Rebels grew concerned the government was not planning to release political prisoners, after authorities provided them with a list of some of the names, said Fahd al-Musa, who heads the activist-run Syrian Commission for Releasing Detainees, which the rebels consulted to check the names.

"They should release people like Rania Abbasi," said al-Musa, referring to the Syrian dentist who activists say was taken with her husband and six children from their Damascus home in 2013. They have not been heard from since.

The U.N.'s chief humanitarian adviser for Syria meanwhile said aid agencies have not been able to reach as many besieged Syrians this year as they did over the same period last year.

Jan Egeland told reporters in Geneva that the front lines have shifted but civilian suffering has "remained the same" in 2017.

Of nearly 5 million Syrians living in besieged or hard-to-reach areas, agencies have only been able to reach 564,000 this year to date, he said.

He drew particular attention to the dire humanitarian situation in the opposition-held Eastern Ghouta suburbs of the capital, Damascus.
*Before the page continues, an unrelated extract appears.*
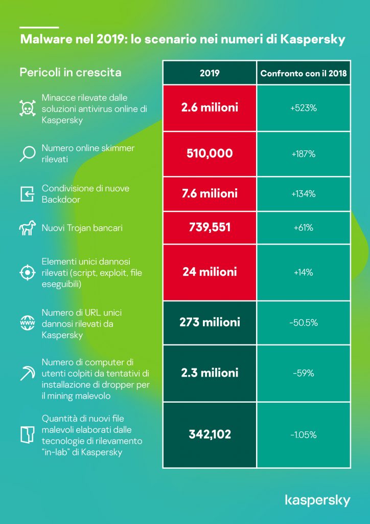 La crescita dei file unici che hanno come scopo lo skimming digitale (script e HTML) rilevati dalle soluzioni antivirus online di Kaspersky è stata pari a +187%, arrivando a toccare quota 510.000 unità. Nello stesso tempo, il numero di minacce rilevate dagli antivirus online è quintuplicato (523%), toccando quota 2.660.000 nel 2019. Gli skimmer online sono entrati a far parte della classifica generale dei 20 oggetti dannosi maggiormente rilevati, posizionandosi al 10° posto. Anche la quota relativa ai nuovi file, di tipo Backdoor e Trojan bancari, tra tutte le tipologie di minacce rilevate in laboratorio, è cresciuta rispettivamente del 134% (arrivando a 7.644.402) e del 61% (arrivando a 739.551).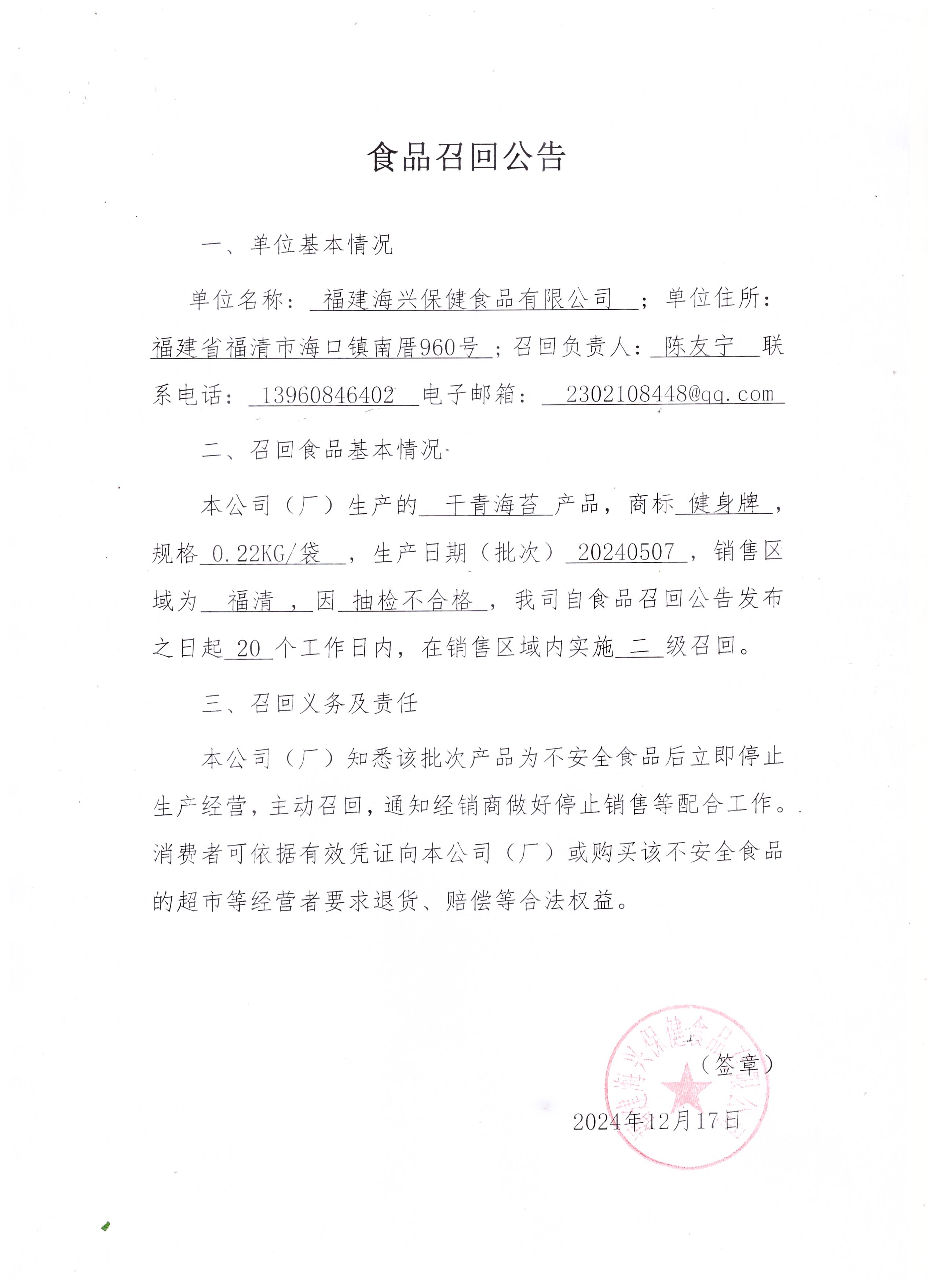福建海兴保健食品有限公司食品召回公告(20241217)

About 400,000 Syrians are trapped inside the area, which is besieged by government forces. Aid agencies have been unable to reach Douma, the largest town inside the besieged area, in half a year.

Shortages of food and other basic goods have pushed prices "through the roof," said Egeland. "We get reports that there is no bread or wheat on the market at all."

Siege has been a pillar of the government's military strategy against its domestic opponents throughout the six-year-old civil war.

By tightly restricting the delivery of food and medical relief, the government has secured the surrender of broad swathes of the opposition-held countryside around Damascus, as well as the former opposition enclaves in the cities of Aleppo and Homs.

The Syrian government and rebels are allowing up to 30,000 people to leave besieged areas over the coming two months as part of the mutually agreed population transfer. The last residents of the formerly rebel-held town of Zabadani, outside Damascus, were evacuated Wednesday.

Egeland said the sieges should be lifted, and that no Syrians should be forced from their homes through starvation. The U.N. is not taking part in the transfer.

The U.N.'s Special Envoy for Syria, Staffan de Mistura, said at the same press conference that it was his aim to resume Geneva peace talks in May, but "we are watching very carefully the developments on the ground."

The international body has held five rounds of talks since 2012.

De Mistura acknowledged that a cease-fire brokered by Russia and Turkey at the end of last year "doesn't seem to be working." He said it would be addressed at upcoming meetings between the various parties in Kazakhstan.

The U.S.-led coalition against the Islamic State group meanwhile said it is looking into reports that an April 17 airstrike on the Syrian town of Boukamal, on the border with Iraq, killed several civilians. It said it could not yet confirm the allegations made by the Islamic State group, which holds the town, and by other monitoring groups.